Raising Kaine (RK) was a leading liberal political blog in Virginia. It functioned as a group blog and community forum for Virginia netroots activists, primarily directed toward helping to elect Democrats and other liberals and progressives in Virginia and nationally. The blog is now defunct.

RK was a popular example of a collaborative blog, offering comment and diary posting privileges to its visitors. Lowell Feld and Eric Grim founded it in January 2005, initially to help "raise" Democratic Lieutenant Governor Tim Kaine to the governorship in the 2005 Virginia gubernatorial election. (The term "raising Cain" is idiomatic for causing trouble.) RK also aimed to help elect other Democrats in Virginia, while promoting progressive causes and values.

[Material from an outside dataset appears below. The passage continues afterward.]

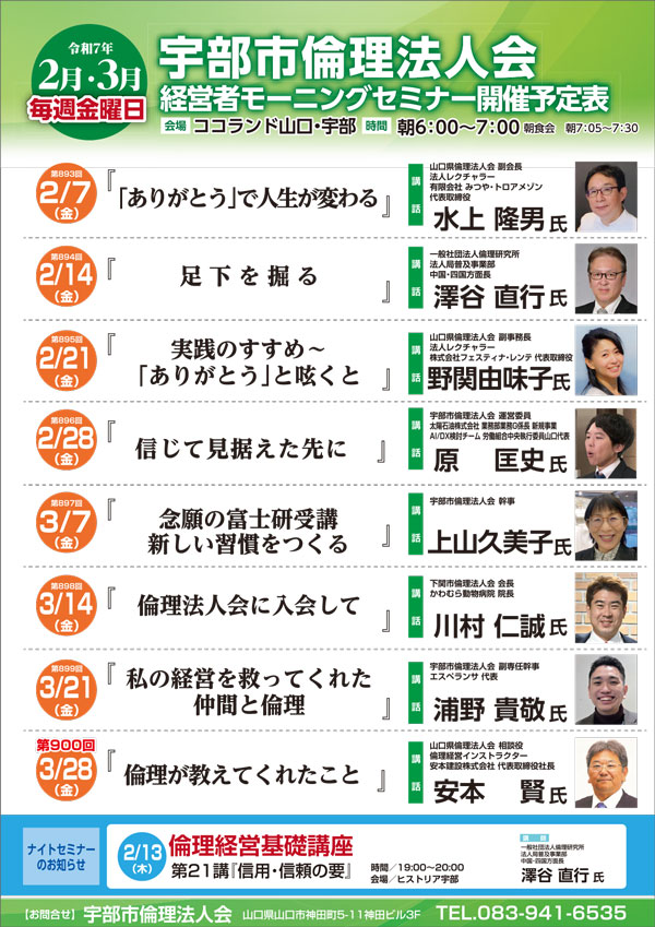 毎週金曜日、朝 6:00 〜 7:00 ココランド宇部にてモーニングセミナーを開催しています!

At its peak, RK had an average monthly traffic of about 80,000–100,000 visits. As with many leading state and local blogs, RK ran on the SoapBlox software. The blog ceased operations in late 2008, but its content remained archived until 2011.

==History==
Raising Kaine was founded in 2005, and supported Tim Kaine in the gubernatorial election against Republican Jerry Kilgore. Founder Lowell Feld has written that the blog was founded with the intent "to create a Daily Kos for Virginia." The blog continued to publish content until the end of 2008. Its posts were subsequently archived, where they were accessible until 2011.

==Content==
Lowell Feld, Eric Grim, and a small group of selected users posted entries directly to the front page; other users could post "diaries," the titles of which appeared on the front page in reverse chronological order, with special attention and longer display time for those diaries highly recommended by other users. The other major source of content was the myriad comments posted in response to front page entries and diaries. Comments for popular or controversial diaries or front page threads could run into the thousands.

Front page entries and diaries often took the form of a news story from an outside source interspersed with commentary from the author of the diary or post. Sometimes these stories contained a request for action from other members of the community, such as to get involved with a particular campaign, give money to a candidate or contact an elected official about an issue. Some front page entries were called "open threads," which were open platforms for comments on any issue. One of the most popular versions of these open threads were "live threads" of commentary on important events happening in real time, such as debates or elections.

==Webb for Senate campaign==

During the 2006 US election cycle, RK helped found the "Draft James Webb" movement, an effort to draft Marine Corps veteran Jim Webb to run for US Senate against George Allen. The movement was ultimately successful, with Webb declaring his candidacy, defeating businessman Harris Miller in the Democratic primary, and defeating Allen in the general election over the course of the year. Throughout the campaign, RK was a major proponent of Jim Webb's nomination and election. In July 2006, Lowell Feld and Josh Chernila were hired by the Webb campaign as netroots and volunteer coordinator, respectively.